Voltando “à vaca fria”, essa máxima “virtus in médium est” foi incutida na mente de LC (forma afetuosa com que Loprefâncio é tratado pelos familiares e amigos) de forma tão subliminar que, muitas vezes, ele não sabia qual atitude tomar diante de uma situação, onde se sentia “num mato sem cachorro”, percebendo que, “se corresse, o bicho ia pegar; se ficasse, ele iria comer”.

Como se trata de uma pessoa muito influenciável, não por um defeito de caráter, mas por causa de seu signo zodiacal (pisciano), nosso amigo acrescentou mais este à sua coletânea de defeitos: tornou-se um indivíduo muito inseguro.

Tendo aquela doença diagnosticada como PFC, “Prolapso de Fim de Curso” (lerdeza, retardo mental – em linguagem direta, sem “dourar a pílula”) a releitura dos ditos populares talvez seja sua resposta, mesmo que tardia, a todos os desaforos que teve de engolir ao longo da vida. Entretanto, tal dito contraria outro de seus estigmas, os ensinamentos religiosos, notadamente a passagem apocalíptica que diz: “Porque és morno e não és nem quente nem frio, vomitar-te-ei da minha boca”.

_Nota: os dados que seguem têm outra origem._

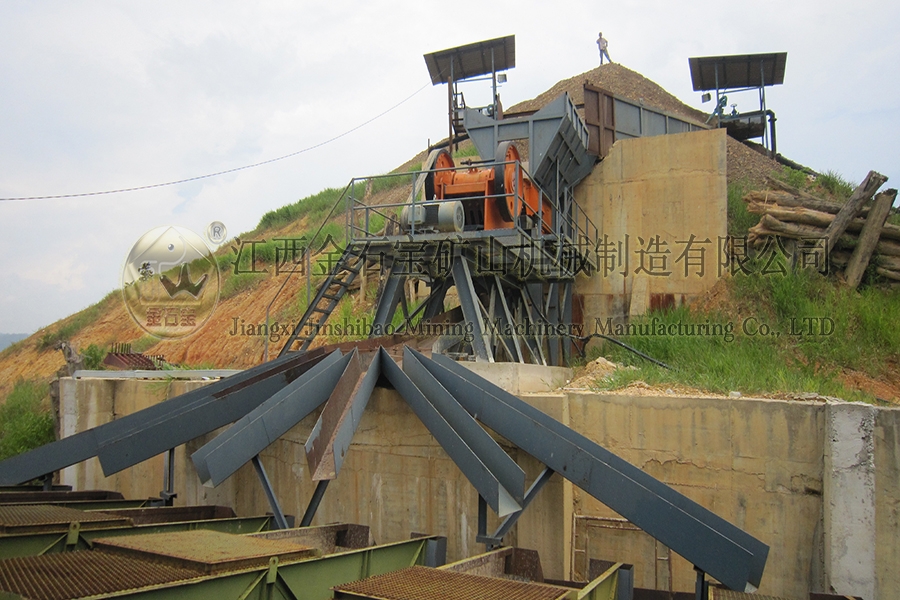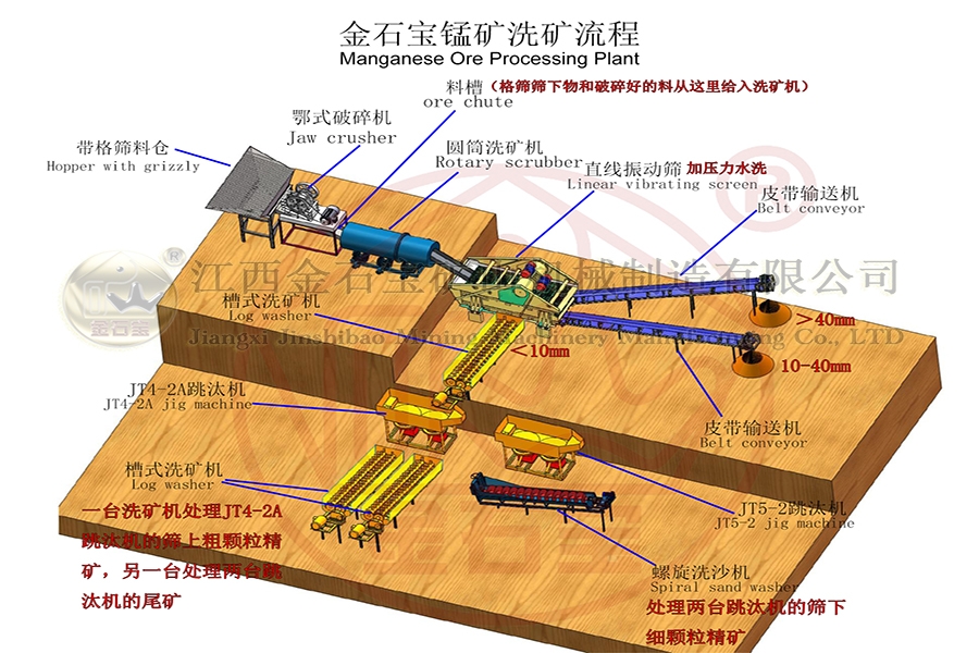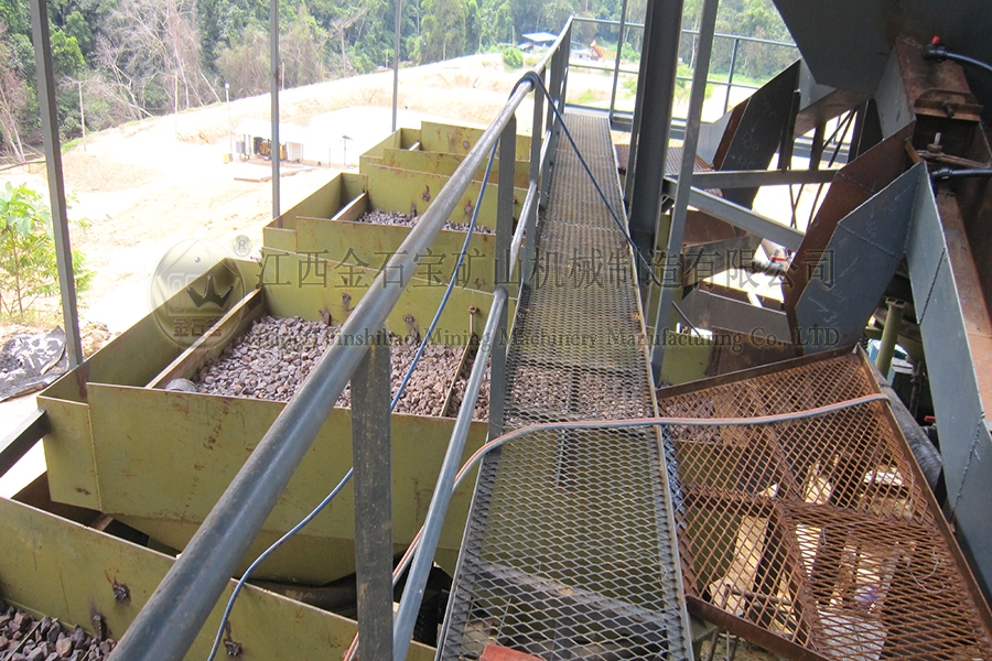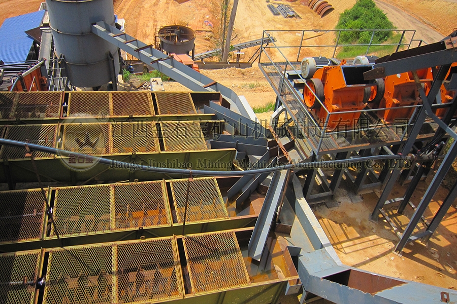 猛矿重选案例:设备有鄂破-圆筒洗矿机-直线振动筛-槽式洗矿机-跳汰机-螺旋洗沙
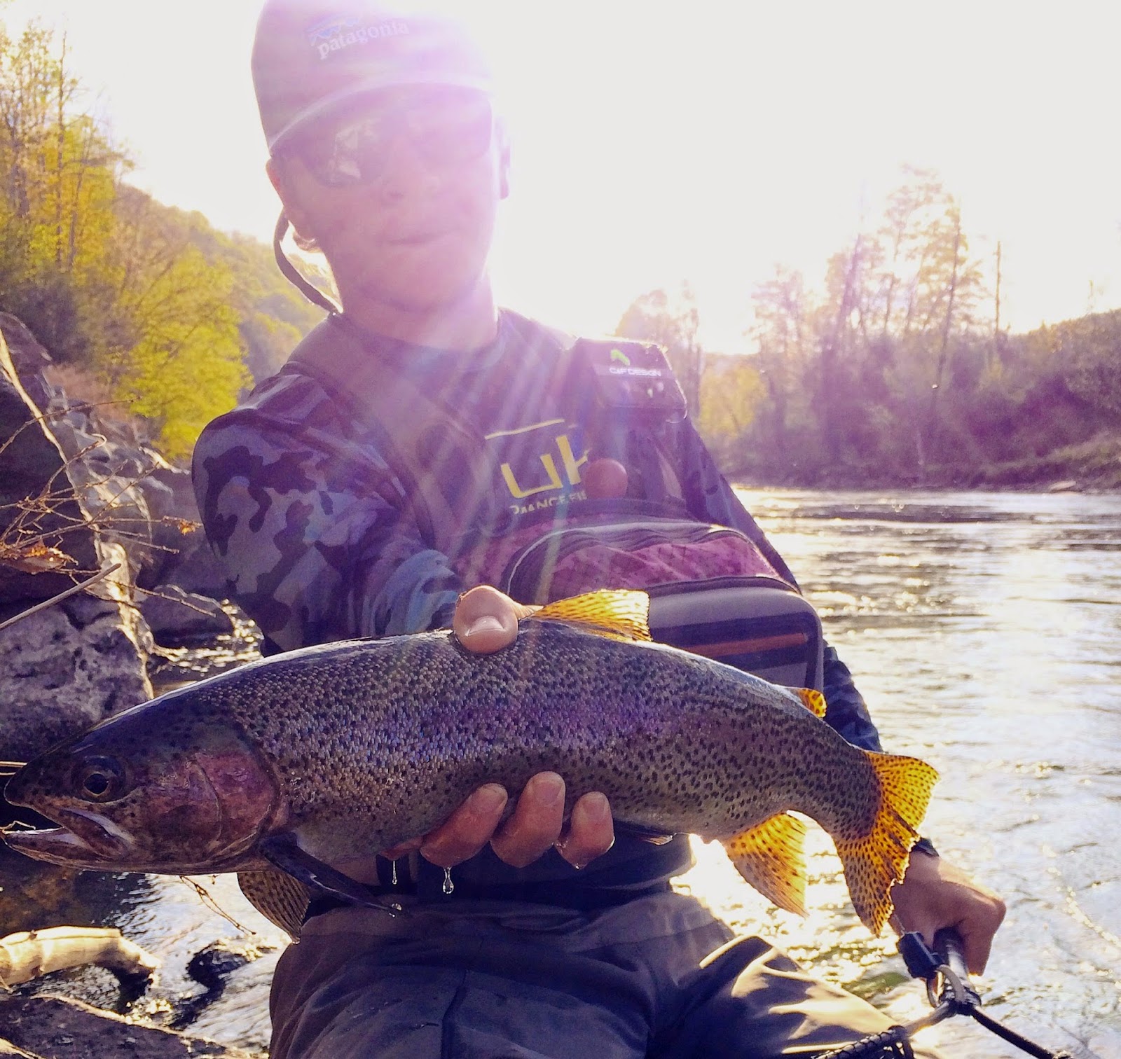 Fast forward to tonight. I met a few friends on the river about 7:00 PM, and the only bugs we saw were midges and small caddis. About 7:30 I looked up and just off the new, green tree canopy I could see quite a few rusty spinners, some with egg sacs and some without. Fish rose occasionally but nothing steady. I took a couple of those fish on sulphur soft hackle emegers fished in the film, but it was slim pickings. As 8:00 rolled around a few sulphur duns were in the air and very few on the water. The spinners were now flying low just over the water. As dusk neared those spinners began to fall on the water and fish rose, but nothing like the night before....until it got dark. Then fish rose everywhere and of course, I could not see a thing and called it a day. I did mange to catch a few more fish on rusty spinners before it got dark, but it was nothing like last night. I guess that's what keeps us coming back.

Tem razão o vizinho, que sempre diz: “Está complicado!” Está mesmo, pensa LC:  ao se dar conta de que muitos ditados são contraditórios, acredita que deva ordená-los num somatório, tirar a prova dos nove e chegar à conclusão de que a vida merece ser vivida com atenção, de que é preciso olhar com cuidado cada momento.

Falando em cuidado, alguém já lhe disse que, em sua cidade, existem os “maridos de aluguel”, aqueles profissionais especializados em resolver problemas urgentes que surgem numa moradia: um entupimento, um chuveiro com resistência queimada, uma chave que quebra, a troca de uma lâmpada, e por aí vai. Tudo bem que existam esses profissionais, mas – como disse anteriormente – é preciso ter cuidado ao lidar com essas situações.

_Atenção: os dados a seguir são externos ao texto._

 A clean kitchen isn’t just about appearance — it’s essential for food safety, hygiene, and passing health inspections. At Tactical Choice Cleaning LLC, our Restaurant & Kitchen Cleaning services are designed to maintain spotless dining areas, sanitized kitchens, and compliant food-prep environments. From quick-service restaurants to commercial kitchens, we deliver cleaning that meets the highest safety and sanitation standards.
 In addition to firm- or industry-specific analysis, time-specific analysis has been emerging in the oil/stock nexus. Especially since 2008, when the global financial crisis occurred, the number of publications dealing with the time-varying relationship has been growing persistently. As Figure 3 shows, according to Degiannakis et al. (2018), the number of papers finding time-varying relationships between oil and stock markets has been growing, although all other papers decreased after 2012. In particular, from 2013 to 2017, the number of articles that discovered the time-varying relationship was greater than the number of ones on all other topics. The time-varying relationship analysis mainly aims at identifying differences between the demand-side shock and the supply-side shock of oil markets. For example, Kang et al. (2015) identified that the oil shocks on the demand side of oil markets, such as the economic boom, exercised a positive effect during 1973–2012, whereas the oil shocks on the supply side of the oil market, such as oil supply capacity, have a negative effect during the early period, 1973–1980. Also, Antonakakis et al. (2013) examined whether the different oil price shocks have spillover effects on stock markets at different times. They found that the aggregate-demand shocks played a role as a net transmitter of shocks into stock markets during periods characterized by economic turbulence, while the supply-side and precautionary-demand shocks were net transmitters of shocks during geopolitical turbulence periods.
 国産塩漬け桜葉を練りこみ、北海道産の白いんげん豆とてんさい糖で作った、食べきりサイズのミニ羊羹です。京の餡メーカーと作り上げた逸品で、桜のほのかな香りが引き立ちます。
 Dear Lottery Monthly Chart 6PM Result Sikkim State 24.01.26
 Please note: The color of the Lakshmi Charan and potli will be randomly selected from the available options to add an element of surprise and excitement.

Veja você o que aconteceu com uma senhora que era tida e havida como pessoa séria e compenetrada. Certo dia, um desses maridos de aluguel foi fazer um serviço em sua casa. Como acabou se molhando todo, o marido verdadeiro ofereceu-lhe um short (calção) e uma camiseta. Estando ele de costas, o de aluguel, de repente, sentiu-se abraçado por uma mulher, aquela séria e compenetrada, que, levando as mãos até suas partes baixas, apertou-as levemente, enquanto dizia, carinhosa:

- De quem são essas duas bolinhas?

Segundo Loprefâncio, tal fato é exemplo de inversão daquele ditado que diz: “quem vê cara não vê coração”. Originalmente, ele dizia: “quem vê cara não vê calção” – ainda de acordo com nosso paremiologista. Para a mulher séria e compenetrada, que devia estar “matando cachorro a beliscão”, ficou sendo assim: “quem vê calção não vê cara”. E lá foi ela, “com muita sede ao pote”, apertar as bolinhas do maridão... de aluguel. Precisava ver a cara dela quando “a ficha caiu”. Pior de tudo é que a notícia se espalhou qual rastilho de pólvora entre os parentes, amigos e conhecidos, com a pobre mulher nunca mais recuperando a dignidade de ser séria e compenetrada.